Question

For each positive integer \( n \), let \[ x_n = 1 + \frac{1}{2} + \frac{1}{3} + \cdots + \frac{1}{n} - \log n \]
and \[ y_n = \int_1^n \frac{\cos t}{t^2} \, dt. \]
Which ONE of the following statements about the sequences \( (x_n) \) and \( (y_n) \) is TRUE?

• A. \( (x_n) \) and \( (y_n) \) are convergent.
• B. \( (x_n) \) is convergent and \( (y_n) \) is not convergent.
• C. \( (x_n) \) is not convergent and \( (y_n) \) is convergent.
• D. \( (x_n) \) is not convergent and \( (y_n) \) is not convergent.

Hint:

When analyzing convergence of sequences, consider the behavior of the individual terms and compare them with known convergent series or integrals.

Answer 1

The Correct Option is A

Step 1: Look at $x_n$.
Here $x_n = 1+\tfrac12+\cdots+\tfrac1n - \log n$. This is the classic sequence whose limit is the Euler constant $\gamma$.

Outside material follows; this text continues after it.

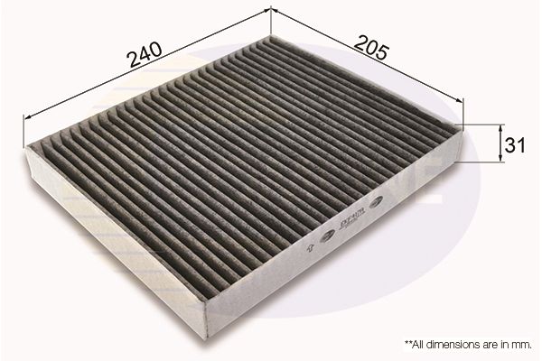 Tipo de filtro: Filtro de carbón activado Longitud [mm]: 240 Ancho [mm]: 205 Altura [mm]: 31
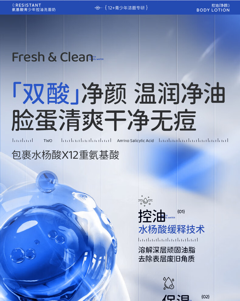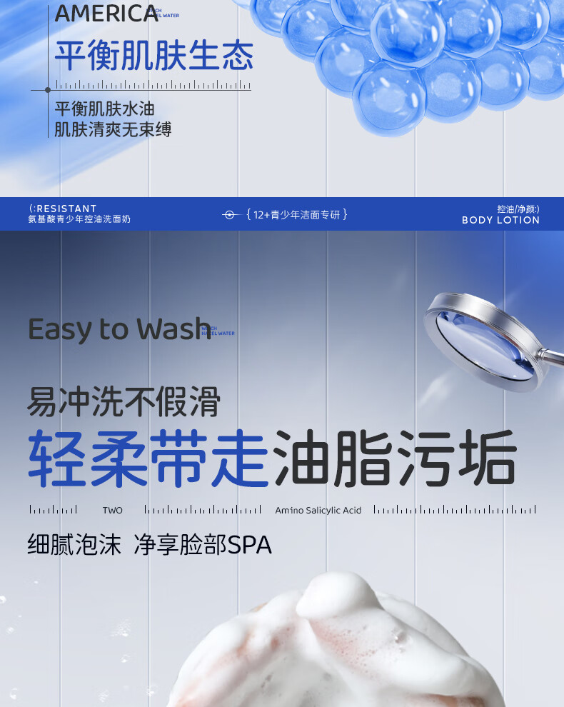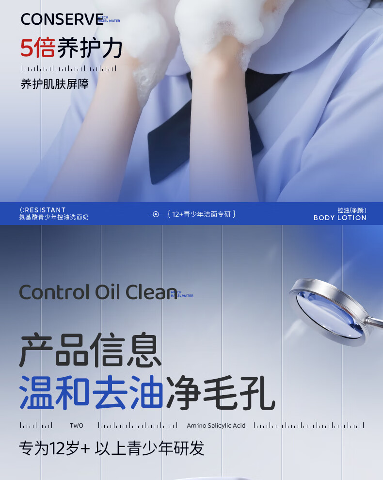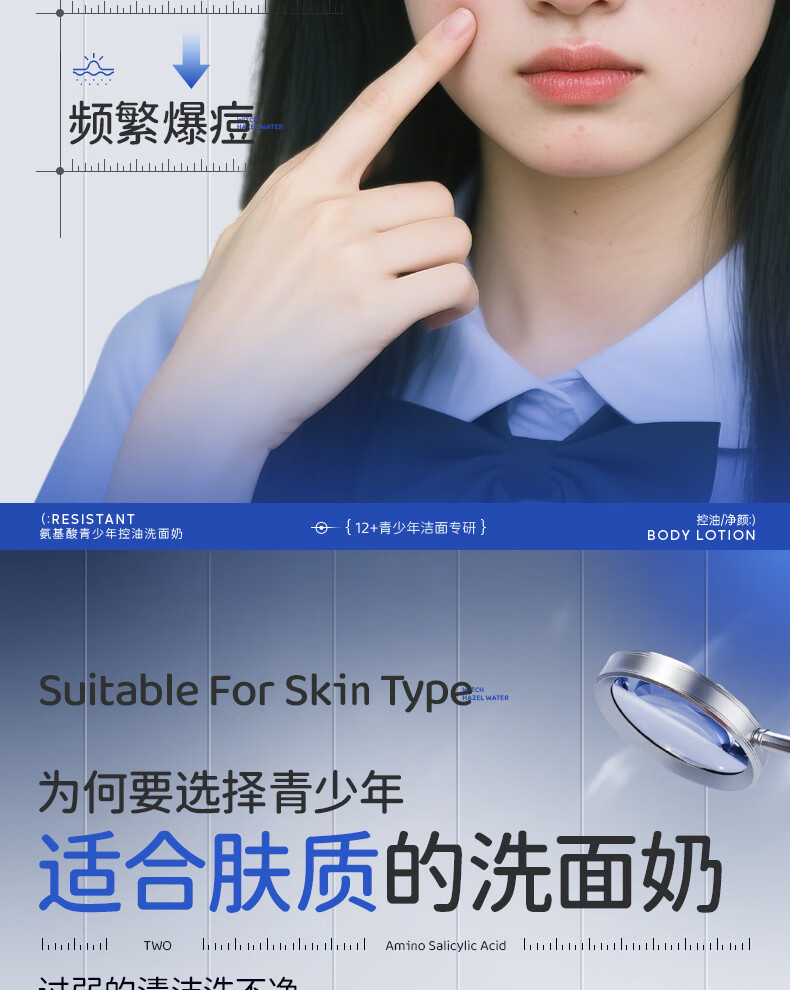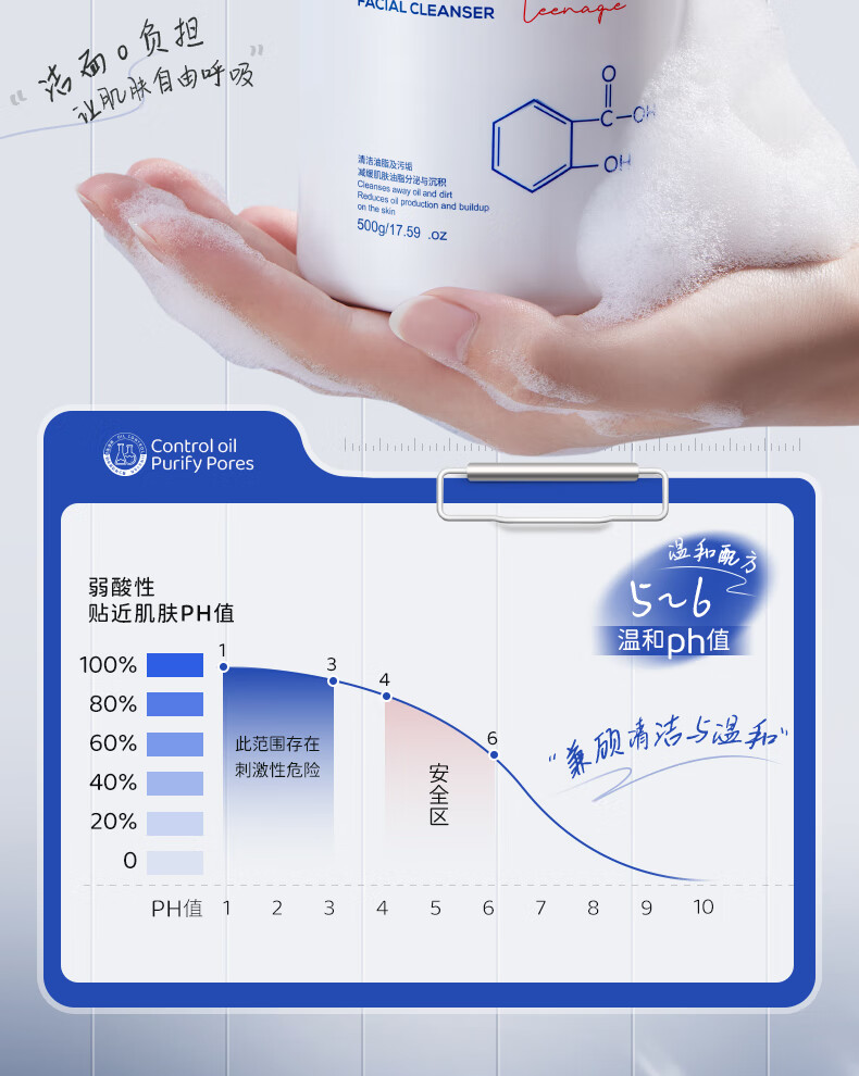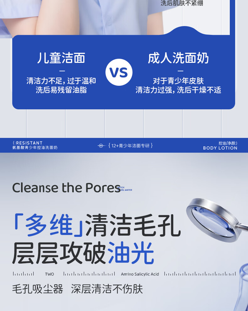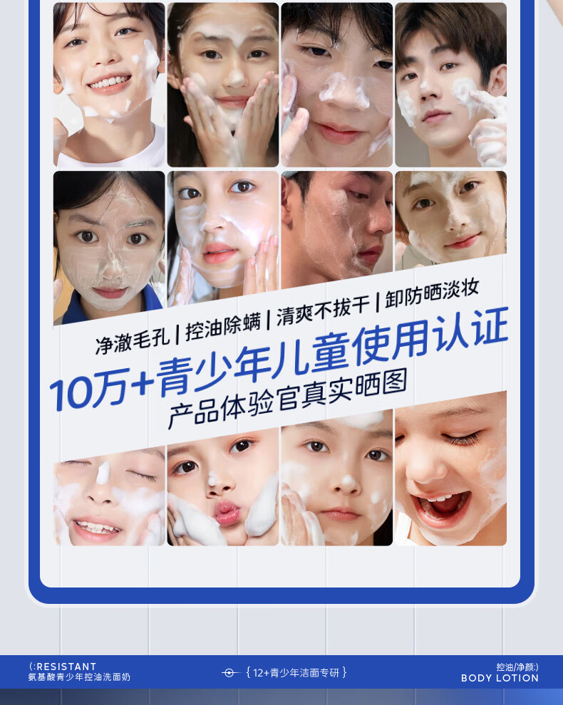碧素堂氨基酸青少年洗面奶控油祛痘淡化痘印青春期少女男洁面乳学生专用 500g 【1瓶青少年洁面】控油净痘

Step 2: Show $x_n$ settles down.
The gap $x_n - x_{n+1} = \log\!\frac{n+1}{n} - \frac{1}{n+1}$ stays positive and small, and the terms are bounded below by $0$. A bounded monotone sequence converges, so $(x_n)$ has a finite limit.

Step 3: Look at $y_n$.
We have $y_n = \int_1^n \frac{\cos t}{t^2}\,dt$. Compare sizes: $\left|\frac{\cos t}{t^2}\right| \le \frac{1}{t^2}$.

Step 4: The integral converges.
Since $\int_1^{\infty} \frac{1}{t^2}\,dt = 1$ is finite, the integral of $\frac{\cos t}{t^2}$ converges absolutely. So $(y_n)$ also tends to a finite value.

Step 5: Conclusion.
Both sequences converge. So the right choice is the one saying both are convergent, which is option A.
\[ \boxed{\text{Both } (x_n) \text{ and } (y_n) \text{ converge (option A)}} \]